The dystopian planet of WALL•E was a blend of the fantastic and familiar. Audiences needed to recognize Earth but also understand how things had gone wrong on such a massive scale. In a short scene that followed WALL•E on his daily routine, the filmmakers wanted to reveal the planet's history in entirely visual terms.
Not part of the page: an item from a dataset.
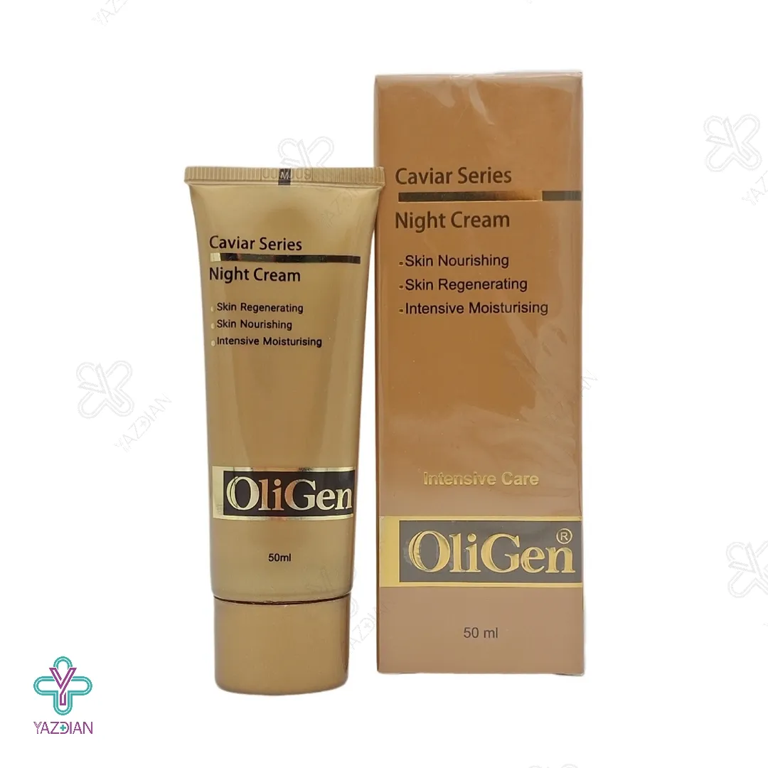 کرم شب مرطوب کننده عصاره خاویار الی ژن (Oligen Night Cream – Caviar Series 50 ml) با دارا بودن عصاره ارزشمند خاویار و دیگر عصاره های مؤثر نظیر پروتئین ابریشم، گل همیشه بهار، روغن آرگان، روغن بذر کتان و ویتامین های E و B5 در فرمولاسیون خود می تواند خاصیت کشسانی پوست را افزایش داده و باعث استحکام و سفتی هر چه بیشتر پوست شود. همچنین آسیب های محیطی و استرس های پوستی را برطرف نماید.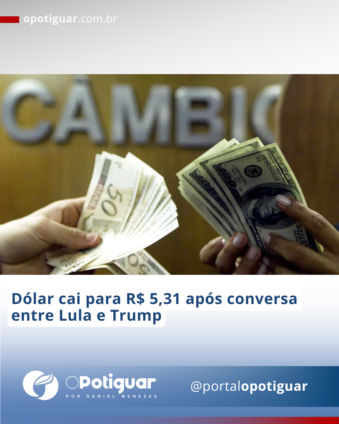Dólar cai para R$ 5,31 após conversa entre Lula e Trump

Dubbed “The Walk Home,” the segment used 10 of the most complicated sets ever created by Pixar, at the time, to tell a wordless, one-minute story.

Truck

Even a robot on a dystopian planet needs a place to call home. At first WALL•E’s truck is enlivened only by a cockroach and a Hello, Dolly! video. The atmosphere changes when EVE comes in. “We wanted it to feel really romantic,” explains Danielle Feinberg, director of photography for lighting. “So he plugs in a cord and turns on the Christmas lights he’s got strung all over and you immediately feel we’re in this nice, cozy intimate interior and this is WALL•E’s date night.“

Space

Every film presents new opportunities for Pixar to interpret and design environments, imaginary or not. Using computers makes the art design choices as limitless as outer space. For WALL•E, the goal was not to reinvent space but to make design choices to enhance the story. The filmmakers wanted to ensure the audiences would be immersed in the story's action so they made a design choice to cheat the stars closer to camera than they would actually be in space so that the stars would move in the frame and allow the viewer to easily perceive the movement of the characters.

Axiom

The luxury spaceship Axiom cuts an impressive profile. But unlike the mammoth space vehicles in most science fiction epics, it wasn’t designed to inspire fear or engage in deep space battle. Instead the Pixar team envisioned the last refuge of a consumer culture, a self-contained world built by the Buy n' Large Corporation, loaded with excess and wandering adrift with the remnants of human race.